Now for the partial derivatives. This is a little more complicated to understand, because you calculate these with a subset of control points that is basically a bezier triangle at an order that is one smaller, such that you are leaving off the opposite edge of the original triangle.

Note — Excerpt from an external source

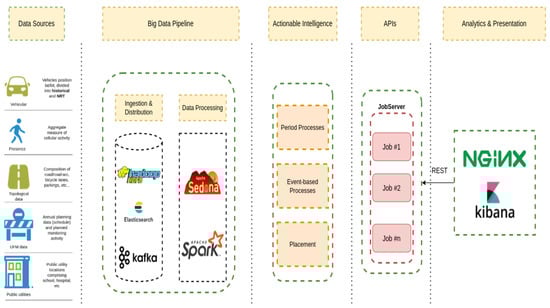 Once the data have been processed, they are stored in Elasticsearch, a fast and scalable no-SQL database with advanced capabilities of indexing and querying key-value data [24]. Thanks to the advanced integration between Spark and Elasticsearch, we can use the solution as both a data provider and as a distributed storage system. The data are subject to further refinements and algorithmic processes aimed at creating different layers of aggregations, calculating synthetic indexes, etc., which are then used by the planner functionality to identify suitable time intervals during which to schedule urban operations. The raw data and information extracted from the data are presented to the end-users in different forms through advanced visualization dashboards available through Kibana, part of the Elasticsearch ecosystem. Last is the JobServer component, an optimized RESTful interface for submitting and managing Apache Spark tasks [25]. A job request, e.g., for a suggestion on a maintenance operation schedule, is a JSON-formatted request, triggering the execution of a specific algorithm resulting in a JSON-formatted output visualized through a web-based user interface. This component composes part of the IPPODAMO programmatic API, which could be used to integrate the solution into a larger, federated ecosystem of platforms in a smart city context.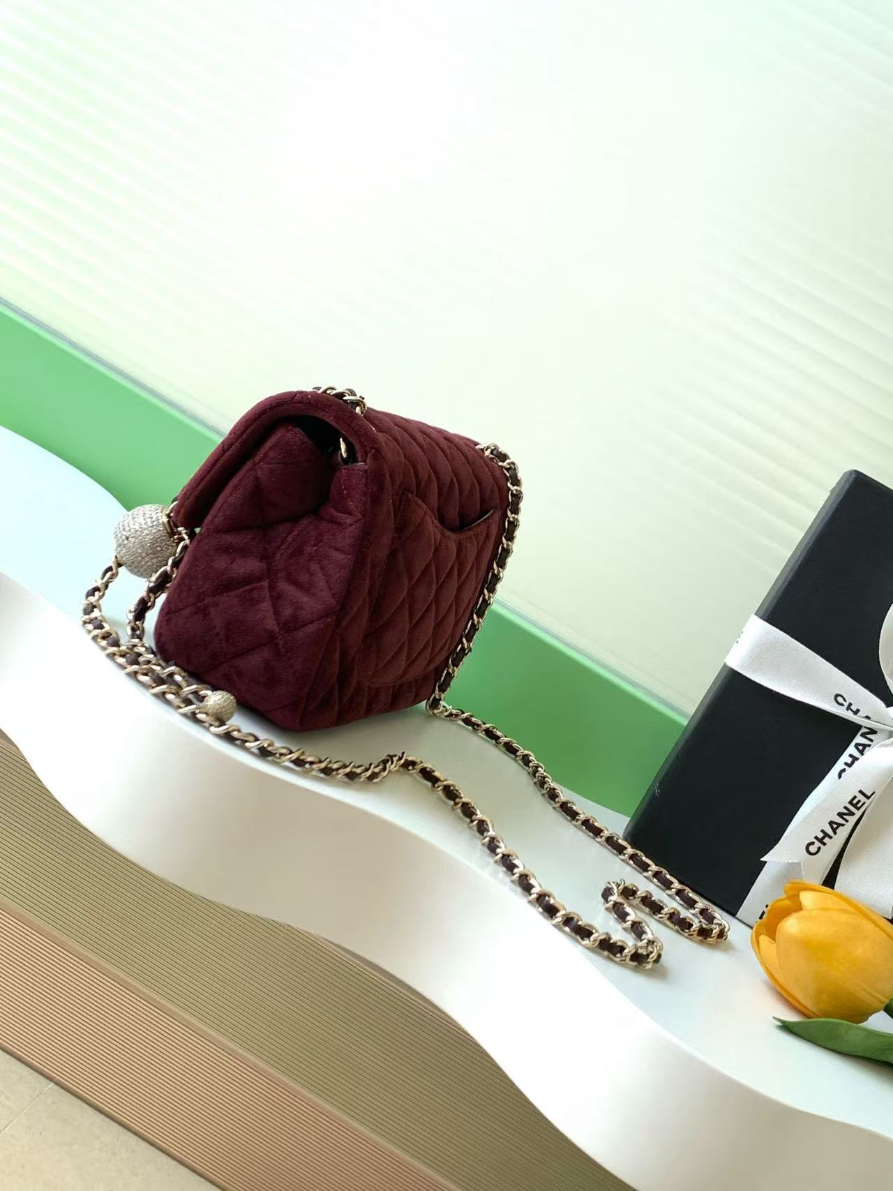 Step into timeless elegance with the Chanel-Style Velvet Flap Bag — a luxurious reimagining of the iconic classic, crafted from premium velvet fabric, featuring iconic diamond quilting, gold-tone chain strap, and a dazzling pearl ball charm. Inspired by Coco Chanel’s enduring legacy, this mini flap bag blends soft texture, bold color, and signature details for a look that is both refined and statement-making.

Mapping this smaller triangle onto the original control points looks a bit strange, hopefully I did it correctly:

partial derivative for u dp(u,v)/du = p600 * u^5 + p501 * 5 * u^4 * w + p510 * 5 * u^4 * v + p402 * 10 * u^3 * w^2 + p411 * 20 * u^3 * v * w + p420 * 10 * u^3 * v^2 + p303 * 10 * u^2 * w^3 + p312 * 30 * u^2 * v * w^2 + p321 * 30 * u^2 * v^2 * w + p330 * 10 * u^2 * v^3 + p204 * 5 * u * w^4 + p213 * 20 * u * v * w^3 + p222 * 30 * u * v^2 * w^2 + p231 * 20 * u * v^3 * w + p240 * 5 * u * v^4 + p105 * w^5 + p114 * 5 * v * w^4 + p123 * 10 * v^2 * w^3 + p132 * 10 * v^3 * w^2 + p141 * 5 * v^4 * w + p150 * v^5; partial derivative for v dp(u,v)/dv = p060 * v^5 + p150 * 5 * u * v^4 + p051 * 5 * v^4 * w + p240 * 10 * u^2 * v^3 + p141 * 20 * u * v^3 * w + p042 * 10 * v^3 * w^2 + p330 * 10 * u^3 * v^2 + p231 * 30 * u^2 * v^2 * w + p132 * 30 * u * v^2 * w^2 + p033 * 10 * v^2 * w^3 + p420 * 5 * u^4 * v + p321 * 20 * u^3 * v * w + p222 * 30 * u^2 * v * w^2 + p123 * 20 * u * v * w^3 + p024 * 5 * v * w^4 + p510 * u^5 + p411 * 5 * u^4 * w + p312 * 10 * u^3 * w^2 + p213 * 10 * u^2 * w^3 + p114 * 5 * u * w^4 + p015 * w^5;

I would guess if you were going to use these tangents for a tangent frame in a shader, you might have to fiddle with them a bit since they are calculated from barycentric coordinates and are probably not perpendicular on the plane. Perhaps you could calculate the normal, then create a new bitangent from the normal and tangent, and then rotate it to your texture edge somehow.